Exercise data below:
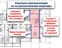 Квартира на площадке максимально удалена от лифтового холла, крайняя в секции. Соседи только с одной стороны. Всегда тихо и спокойно.
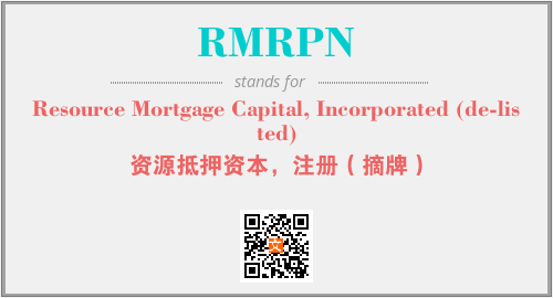上述内容是“Resource Mortgage Capital, Incorporated (de-listed)”作为“RMRPN”的缩写,解释为“资源抵押资本,注册(摘牌)”时的信息,以及英文缩略词RMRPN所代表的英文单词,其对应的中文拼音、详细解释以及在英文中的流行度和相关分类、应用领域及应用示例等。
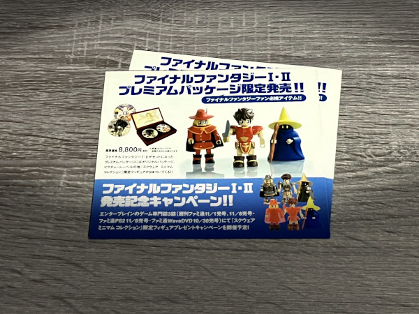 | ------------------------------------------------------------------------ ж ж ж 商品について ж ж ж ------------------------------------------------------------------------ ◆ 「 PS ファイナルファンタジーⅠ・Ⅱ プレミアムパッケージ / 二つ折りチラシ 」 X 同じもの 2部 サイズ : ( 画像1枚目の状態で ) 12.5センチくらい × 14.2センチくらい シワ、折れ、などある場合があります。 入手より かなり経年しており、 初期、経年 による劣化、及び 保管時、取り扱い時などのダメージ必至です。 ※ 商品は 画像1枚目のもので全てです。 ※ 自身が 当時 新品で入手した ワンオーナー品です。 ※ 画像は 実物よりきれいに写ってしまう部分があります。 また、最初の検品・出品から 時間が経っているものは、掲載画像・説明にはない 劣化 及び ダメージの増加 など 必至です。商品状態は現物優先です。 ※ 複数在庫がある場合は、お手元に届きますのは 同じ仕様・同じ程度の商品でも 画像と 同一個体ではない場合があります。 ※ ペットなし、非喫煙環境です。 |
End of Exercise data.
* **Problem description**:
Output nothing but the lines from the one containing "Mortgage Capital, Incorporated" to the end of the listing, both ends included, reproduced exactly. Pictures stay out.

* **Solution for this problem**:
上述内容是“Resource Mortgage Capital, Incorporated (de-listed)”作为“RMRPN”的缩写,解释为“资源抵押资本,注册(摘牌)”时的信息,以及英文缩略词RMRPN所代表的英文单词,其对应的中文拼音、详细解释以及在英文中的流行度和相关分类、应用领域及应用示例等。
 | ------------------------------------------------------------------------ ж ж ж 商品について ж ж ж ------------------------------------------------------------------------ ◆ 「 PS ファイナルファンタジーⅠ・Ⅱ プレミアムパッケージ / 二つ折りチラシ 」 X 同じもの 2部 サイズ : ( 画像1枚目の状態で ) 12.5センチくらい × 14.2センチくらい シワ、折れ、などある場合があります。 入手より かなり経年しており、 初期、経年 による劣化、及び 保管時、取り扱い時などのダメージ必至です。 ※ 商品は 画像1枚目のもので全てです。 ※ 自身が 当時 新品で入手した ワンオーナー品です。 ※ 画像は 実物よりきれいに写ってしまう部分があります。 また、最初の検品・出品から 時間が経っているものは、掲載画像・説明にはない 劣化 及び ダメージの増加 など 必至です。商品状態は現物優先です。 ※ 複数在庫がある場合は、お手元に届きますのは 同じ仕様・同じ程度の商品でも 画像と 同一個体ではない場合があります。 ※ ペットなし、非喫煙環境です。 |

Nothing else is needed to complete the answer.